Optimizes tree structure via evolutionary algorithms rather than greedy splitting. Finds globally better splits at the cost of training time.

from endgame.models.trees.evtree import EvolutionaryTreeClassifier

evt = EvolutionaryTreeClassifier(population_size=100, n_generations=50)
evt.fit(X_train, y_train)

Rule-Based Models

RuleFit

Extracts linear rules from an ensemble of trees, then fits a sparse linear model over those rules. The result is a human-readable list of weighted conditions.

from endgame.models import RuleFitClassifier

rulefit = RuleFitClassifier(tree_size=4, max_rules=2000)
rulefit.fit(X_train, y_train)
rules_df = rulefit.get_rules()
print(rules_df[rules_df['importance'] > 0.01])

FURIA

Fuzzy Unordered Rule Induction Algorithm. Produces fuzzy rule sets that handle overlapping class regions gracefully.

from endgame.models import FURIAClassifier

furia = FURIAClassifier(n_rules=20)
furia.fit(X_train, y_train)
rule_list = furia.rules_  # List of FuzzyRule objects

Bayesian Network Classifiers

Bayesian classifiers are well-suited for small datasets where probabilistic structure is meaningful and calibrated probabilities are important.
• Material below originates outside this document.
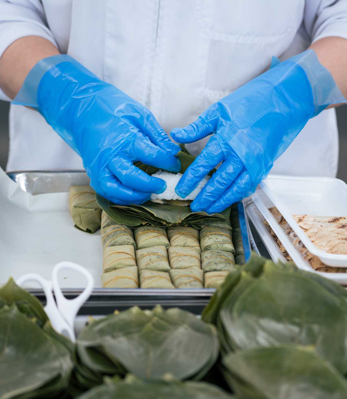 奈良県吉野地方を代表する郷土料理・柿の葉ずし。江戸時代 末期の文久元年に創業した老舗「柿の葉ずし 平宗」は、その 味わいと食文化を大切に守り、次代へと受け継いできました。 イベント当日は、普段は立ち入ることのできない製造工場の特 別見学に加え、自分で柿の葉ずしをつくる体験を実施します。

TAN (Tree Augmented Naive Bayes)

Extends Naive Bayes by allowing each feature to have one additional parent (a single dependency tree over features).

from endgame.models import TANClassifier

tan = TANClassifier()
tan.fit(X_train, y_train)
proba = tan.predict_proba(X_test)

KDB (k-Dependence Bayesian)

Generalizes TAN by allowing each feature to depend on up to k other features. Higher k captures more complex dependencies at the cost of data requirements.

from endgame.models import KDBClassifier

kdb = KDBClassifier(k=2)
kdb.fit(X_train, y_train)

ESKDB (Ensemble Smoothed KDB)

Ensemble of KDB classifiers with Laplace smoothing and random structure perturbation for improved accuracy.

from endgame.models import ESKDBClassifier

eskdb = ESKDBClassifier(k=2, n_estimators=50)
eskdb.fit(X_train, y_train)

Kernel Methods

Gaussian Process Classifier

Provides well-calibrated probabilistic predictions with uncertainty estimates. Exact GP scales as O(n^3), so use on datasets below ~5,000 samples.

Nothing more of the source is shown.